The collected video can be received by the mode of receiving the collected video through a preset interface so as to obtain the collected video, and the preset interface is an interface for transmitting a server side and video collecting equipment.

And S12, performing framing processing on the acquired video to obtain a plurality of frame images.

Understandably, the captured video is an image set composed of a plurality of one-frame images and played in time sequence, the framing processing is an operation process of segmenting or extracting one-frame image on each frame or a preset interval frame of an input video, the framing processing is performed on the captured video, a plurality of frame images can be obtained, and the frame image is an image of one frame in the captured video.

And S13, performing human body attribute recognition and face recognition on each frame image through a human body attribute detection model to obtain a recognition result of each frame image, wherein the recognition result comprises a client identifier and an access type corresponding to the client identifier.

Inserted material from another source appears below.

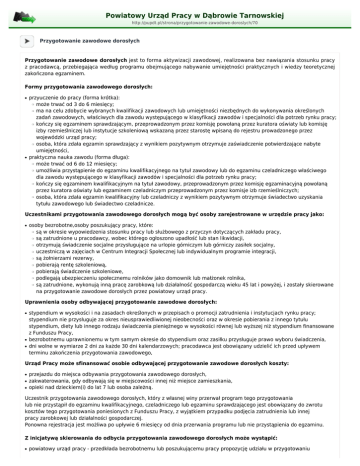 Powiatowy Urząd Pracy w Dąbrowie Tarnowskiej http://pupdt.pl/strona/przygotowanie-zawodowe-doroslych/70 Przygotowanie zawodowe dorosłych Przygotowanie zawodowe dorosłych jest to forma aktywizacji zawodowej, realizowana bez nawiązania stosunku pracy z pracodawcą, przebiegająca według programu obejmującego nabywanie umiejętności praktycznych i wiedzy teoretycznej zakończona egzaminem. Formy przygotowania zawodowego dorosłych: ● przyuczenie do pracy (forma krótka): może trwać od 3 do 6 miesięcy; ma na celu zdobycie wybranych kwalifikacji zawodowych lub umiejętności niezbędnych do wykonywania określonych zadań zawodowych, właściwych dla zawodu występującego w klasyfikacji zawodów i specjalności dla potrzeb rynku pracy; kończy się egzaminem sprawdzającym, przeprowadzonym przez komisję powołaną przez kuratora oświaty lub komisję izby rzemieślniczej lub instytucje szkoleniową wskazaną przez starostę wpisaną do rejestru prowadzonego przez wojewódzki urząd pracy; osoba, która zdała egzamin sprawdzający z wynikiem pozytywnym otrzymuje zaświadczenie potwierdzające nabyte umiejętności, praktyczna nauka zawodu (forma długa): może trwać od 6 do 12 miesięcy; umożliwia przystąpienie do egzaminu kwalifikacyjnego na tytuł zawodowy lub do egzaminu czeladniczego właściwego dla zawodu występującego w klasyfikacji zawodów i specjalności dla potrzeb rynku pracy; kończy się egzaminem kwalifikacyjnym na tytuł zawodowy, przeprowadzonym przez komisję egzaminacyjną powołaną przez kuratora oświaty lub egzaminem czeladniczym przeprowadzonym przez komisje izb rzemieślniczych; osoba, która zdała egzamin kwalifikacyjny lub czeladniczy z wynikiem pozytywnym otrzymuje świadectwo uzyskania tytułu zawodowego lub świadectwo czeladnicze. ❍ ❍ ❍ ❍ ● ❍ ❍ ❍ ❍ Uczestnikami przygotowania zawodowego dorosłych mogą być osoby zarejestrowane w urzędzie pracy jako: ● osoby bezrobotne,osoby poszukujący pracy, które: są w okresie wypowiedzenia stosunku pracy lub służbowego z przyczyn dotyczących zakładu pracy, są zatrudnione u pracodawcy, wobec którego ogłoszono upadłość lub stan likwidacji, otrzymują świadczenie socjalne przysługujące na urlopie górniczym lub górniczy zasiłek socjalny, uczestniczą w zajęciach w Centrum Integracji Społecznej lub indywidualnym programie integracji, są żołnierzami rezerwy, pobierają rentę szkoleniową, pobierają świadczenie szkoleniowe, podlegają ubezpieczeniu społecznemu rolników jako domownik lub małżonek rolnika, są zatrudnione, wykonują inną pracę zarobkową lub działalność gospodarczą wieku 45 lat i powyżej, i zostały skierowane na przygotowanie zawodowe dorosłych przez powiatowy urząd pracy. ❍ ❍ ❍ ❍ ❍ ❍ ❍ ❍ ❍ Uprawnienia osoby odbywającej przygotowanie zawodowe dorosłych: ● ● ● stypendium w wysokości i na zasadach określonych w przepisach o promocji zatrudnienia i instytucjach rynku pracy; stypendium nie przysługuje za okres nieusprawiedliwionej nieobecności oraz w okresie pobierania z innego tytułu stypendium, diety lub innego rodzaju świadczenia pieniężnego w wysokości równej lub wyższej niż stypendium finansowane z Funduszu Pracy, bezrobotnemu uprawnionemu w tym samym okresie do stypendium oraz zasiłku przysługuje prawo wyboru świadczenia, dni wolne w wymiarze 2 dni za każde 30 dni kalendarzowych; pracodawca jest obowiązany udzielić ich przed upływem terminu zakończenia przygotowania zawodowego, Urząd Pracy może sfinansować osobie odbywającej przygotowanie zawodowe dorosłych koszty: ● ● ● przejazdu do miejsca odbywania przygotowania zawodowego dorosłych, zakwaterowania, gdy odbywają się w miejscowości innej niż miejsce zamieszkania, opieki nad dzieckiem(i) do lat 7 lub osoba zależną. Uczestnik przygotowania zawodowego dorosłych, który z własnej winy przerwał program tego przygotowania lub nie przystąpił do egzaminu kwalifikacyjnego, czeladniczego lub egzaminu sprawdzającego jest obowiązany do zwrotu kosztów tego przygotowania poniesionych z Funduszu Pracy, z wyjątkiem przypadku podjęcia zatrudnienia lub innej pracy zarobkowej lub działalności gospodarczej. Ponowna rejestracja jest możliwa po upływie 6 miesięcy od dnia przerwania programu lub nie przystąpienia do egzaminu. Z inicjatywą skierowania do odbycia przygotowania zawodowego dorosłych może wystąpić: ● powiatowy urząd pracy - przedkłada bezrobotnemu lub poszukującemu pracy propozycję udziału w przygotowaniu ● ● zawodowym dorosłych; pracodawca - może złożyć w powiatowym urzędzie pracy wniosek gotowości utworzenia miejsc przygotowania zawodowego dorosłych, we wniosku pracodawca może wskazać osobę, którą chciałby przyjąć; osoba zainteresowana - może złożyć w powiatowym urzędzie pracy wniosek o skierowanie do odbycia przygotowania zawodowego dorosłych; we wniosku kandydat powinien wskazać zadania, które chciałby wykonywać, kwalifikacje lub umiejętności, które chciałby uzyskać. Przygotowanie zawodowe dorosłych jest realizowane na podstawie umowy w sprawie realizacji przygotowania zawodowego dorosłych zawieranej pomiędzy urzędem pracy a pracodawcą lub pomiędzy urzędem pracy, pracodawcą i instytucją szkoleniową, wpisaną do rejestru prowadzonego przez wojewódzki urząd pracy. W programie przygotowania zawodowego dorosłych na naukę umiejętności praktycznych przeznacza sie co najmniej 80 % czasu, natomiast 20% czasu to nauka teorii, która może odbywać się u pracodawcy lub w instytucji szkoleniowej. Pracodawcy, z którym urząd pracy zawarł umowę w sprawie realizacji przygotowania zawodowego dorosłych przysługuje: ● ● refundacja wydatków poniesionych na uczestnika przygotowania zawodowego dorosłych, w szczególności na materiały i surowce, eksploatację maszyn i urządzeń, odzież roboczą, posiłki regeneracyjne i inne środki niezbędne do realiz

Understandably, the human body attribute detection model is a trained target detection network for identifying human bodies in input images and identifying the in-out type and the client identifier of each human body, and the training process of the human body attribute detection model may be as follows: by collecting historical sample images, wherein the sample images comprise a plurality of human bodies, each human body is associated with a group of tag groups, each tag group comprises a human body area tag, an access tag and a client tag, the sample images are input into a human body attribute detection model containing initial parameters, the sample images are identified by the human body attribute detection model for a single human body, human body areas of the single human body are identified, the moving characteristics and the face characteristics of each human body area are extracted, the access type and the client identifier of the human body area are identified according to the extracted moving characteristics and the face characteristics, a loss function is applied to calculate the area loss values of the human body areas and the corresponding human body area tags, the access type and the access loss value of the human body areas and the corresponding access tags, and the client identifier and the identifier loss value of the human body areas and the corresponding client tags, and determining a total loss value according to the area loss value, the in-out loss value and the identification loss value, iteratively updating initial parameters of the human body attribute detection model when the total loss value does not reach a convergence condition, continuously executing the step of carrying out single human body identification on the sample image through the human body attribute detection model, continuously training until the total loss value reaches the convergence condition, and stopping training to obtain the trained human body attribute detection model.

The human body attribute detection model comprises a target detection network, a human body attribute branch network and a human face branch network, and the processes of human body attribute identification and human face identification on each frame image are as follows: firstly, identifying a human body of the frame image, and identifying a region containing a single human body in the frame image, wherein the human body identification process may be as follows: firstly, identifying a single human body region in the frame image through a target detection network, and extracting the image of the region to obtain a plurality of human body images; secondly, extracting the movement characteristics of the human body image through a human body attribute branch network, wherein the movement characteristics are the characteristics of front movement or back movement of the shot human body, and identifying the in-out type of the human body image according to the extracted movement characteristics; thirdly, carrying out face recognition on the human body image through the face branch network to obtain a client identifier of the human body image, wherein the client identifier comprises a unique identifier of a real client stored in a server, and a new client identifier is given to a new client which is not stored in the server; and finally, establishing a corresponding relation between the client identification and the access type of the human body image so as to obtain one client identification and one access type corresponding to one human body image, summarizing the corresponding relation between all the client identifications and the access types of the frame image so as to obtain the identification result, wherein the identification result embodies the access type and the client identification of each human body in one frame image, and which human bodies in the frame image are old clients/new clients entering or exiting the door can be distinguished through the identification result.

In an embodiment, in step S13, that is, performing human body attribute recognition and face recognition on each of the frame images to obtain a recognition result of each of the frame images, where the recognition result includes a client identifier and an entry and exit type corresponding to the client identifier, and the method includes:

and carrying out human body identification on the frame images to obtain a plurality of human body images.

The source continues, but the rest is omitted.